Gilliam sneezed, sloshing the steaming contents of the clay cup over his knee.
“Now my breeches will stink of this,” he complained.
“Drink it,” Ana said. “That goes for all of you.” She grimaced as she took a sip from her own cup.
It smelled nearly as bad as the concoction Silva had to drink before we’d set out. Fortunately, after the first few sips, my tongue tingled so much that I didn’t notice the flavor all that much if I held my nose.
Gilliam gave the cleric a dark look, and extended it past her to me. “You had a hand in this as well,” he said.
My part had been coaxing a flame from the pitiful pile of kindling and and few branches from the scrub we’d been able to scrounge from the trail as Pyrklist guided us to shelter from the steadily growing winds.
“You would prefer to sleep in wet leathers?
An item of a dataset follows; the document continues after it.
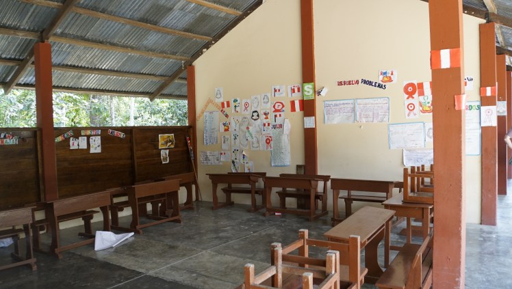 Les batiments font très neufs, avec de belles finitions, une présence ecclésiastiques partout, beaucoup d’artisanat et de décoration. Cela dénote beaucoup avec tout le reste des batiments que nous avons vu depuis notre arrivée. Nous sommes étonnés du traitement si spécial (et luxueux) qu’ont les muets dans la culture Awajun. Après avoir redemander à Rosita plusieurs fois pourquoi il y a autant de personnes muettes chez les awajun, nous comprenons enfin que depuis le début il ne s’agit pas de muets mais de moines…. vive les erreurs de traductions ! Ainsi, tout prend un peu plus de sens. Le père de famille peut choisir d’envoyer son enfant dans cette école et à l’arrivée au secondaire l’enfant choisi s’il souhaite continuer dans une voie religieuse ou pas du tout. Les enfants allant à cette écoles doivent porter un voile devant la bouche durant toute leur scolarité.

Freeze once the night sets in?” Sera asked. “I did not have to tie off the weaves keeping the fire alight. They can easily be unknotted.”
“I don’t think he is entirely serious,” Varis said to the girl, setting a hand over hers as she raised them to manipulate her weaving.
“This brew was known in my home village,” the weaver said. “Those who refused it always developed the cough soon after. Some of them did not recover from it. Those who drank of this always recovered.” She took a deep sip from her cup, grimacing and shivering. Through the bracelet, I felt the trickle of displeasure beneath the glow of her sense of pride at being able to stomach the stuff.
“It is not so bad,” Demarra said, giving her cup a swirl. “Perhaps a bit more mint, though.”
Pyrklist alone drank without complaint, usually every time Aurora asked of him where he’d found the blue and green stones we’d thought were sapphires and emeralds.
The twins both refused the cups that Ana had offered them, but the cleric did not complain when she saw the pale glimmering of the white dragonstones at wrist and neck.